**Source material**

━━━━

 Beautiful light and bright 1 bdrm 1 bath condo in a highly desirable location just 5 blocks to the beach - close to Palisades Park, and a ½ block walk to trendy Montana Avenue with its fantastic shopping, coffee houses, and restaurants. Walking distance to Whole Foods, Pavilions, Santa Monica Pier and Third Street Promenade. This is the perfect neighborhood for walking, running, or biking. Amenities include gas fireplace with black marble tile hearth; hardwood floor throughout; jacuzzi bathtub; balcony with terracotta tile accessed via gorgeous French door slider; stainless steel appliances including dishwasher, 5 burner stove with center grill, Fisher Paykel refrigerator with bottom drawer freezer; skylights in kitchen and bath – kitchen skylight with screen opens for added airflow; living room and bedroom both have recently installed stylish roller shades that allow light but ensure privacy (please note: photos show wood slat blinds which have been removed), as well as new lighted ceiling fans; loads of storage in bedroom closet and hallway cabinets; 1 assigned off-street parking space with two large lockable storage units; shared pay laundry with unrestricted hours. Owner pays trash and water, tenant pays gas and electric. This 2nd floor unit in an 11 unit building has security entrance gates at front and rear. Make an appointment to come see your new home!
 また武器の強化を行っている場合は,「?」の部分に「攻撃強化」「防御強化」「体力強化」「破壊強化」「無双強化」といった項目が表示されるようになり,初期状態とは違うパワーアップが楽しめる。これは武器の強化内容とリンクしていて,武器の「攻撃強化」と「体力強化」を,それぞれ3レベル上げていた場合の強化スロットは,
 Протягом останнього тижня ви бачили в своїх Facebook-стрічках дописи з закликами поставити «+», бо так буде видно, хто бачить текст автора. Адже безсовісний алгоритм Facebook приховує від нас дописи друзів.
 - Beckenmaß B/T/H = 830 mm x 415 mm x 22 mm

━━━━

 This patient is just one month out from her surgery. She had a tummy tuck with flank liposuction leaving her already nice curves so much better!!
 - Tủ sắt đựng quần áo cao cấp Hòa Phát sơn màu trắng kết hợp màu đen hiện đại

━━━━

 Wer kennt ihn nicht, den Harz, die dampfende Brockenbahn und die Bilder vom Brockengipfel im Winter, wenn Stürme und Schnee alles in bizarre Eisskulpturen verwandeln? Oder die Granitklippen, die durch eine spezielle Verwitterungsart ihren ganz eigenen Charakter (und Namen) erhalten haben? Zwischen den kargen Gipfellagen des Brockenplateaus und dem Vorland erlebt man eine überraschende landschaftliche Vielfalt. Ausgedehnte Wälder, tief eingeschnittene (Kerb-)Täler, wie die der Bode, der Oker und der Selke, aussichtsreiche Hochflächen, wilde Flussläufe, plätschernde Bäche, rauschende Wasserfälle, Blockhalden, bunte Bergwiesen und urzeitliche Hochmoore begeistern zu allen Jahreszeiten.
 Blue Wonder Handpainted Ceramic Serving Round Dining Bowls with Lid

━━━━

**Exercise**
Look above for the line with "Wer kennt ihn" and the line with "Blue Wonder Handpainted", and reproduce exactly those two lines plus every line between, nothing more.

**Answer to this exercise**
 Wer kennt ihn nicht, den Harz, die dampfende Brockenbahn und die Bilder vom Brockengipfel im Winter, wenn Stürme und Schnee alles in bizarre Eisskulpturen verwandeln? Oder die Granitklippen, die durch eine spezielle Verwitterungsart ihren ganz eigenen Charakter (und Namen) erhalten haben? Zwischen den kargen Gipfellagen des Brockenplateaus und dem Vorland erlebt man eine überraschende landschaftliche Vielfalt. Ausgedehnte Wälder, tief eingeschnittene (Kerb-)Täler, wie die der Bode, der Oker und der Selke, aussichtsreiche Hochflächen, wilde Flussläufe, plätschernde Bäche, rauschende Wasserfälle, Blockhalden, bunte Bergwiesen und urzeitliche Hochmoore begeistern zu allen Jahreszeiten.
 Blue Wonder Handpainted Ceramic Serving Round Dining Bowls with Lid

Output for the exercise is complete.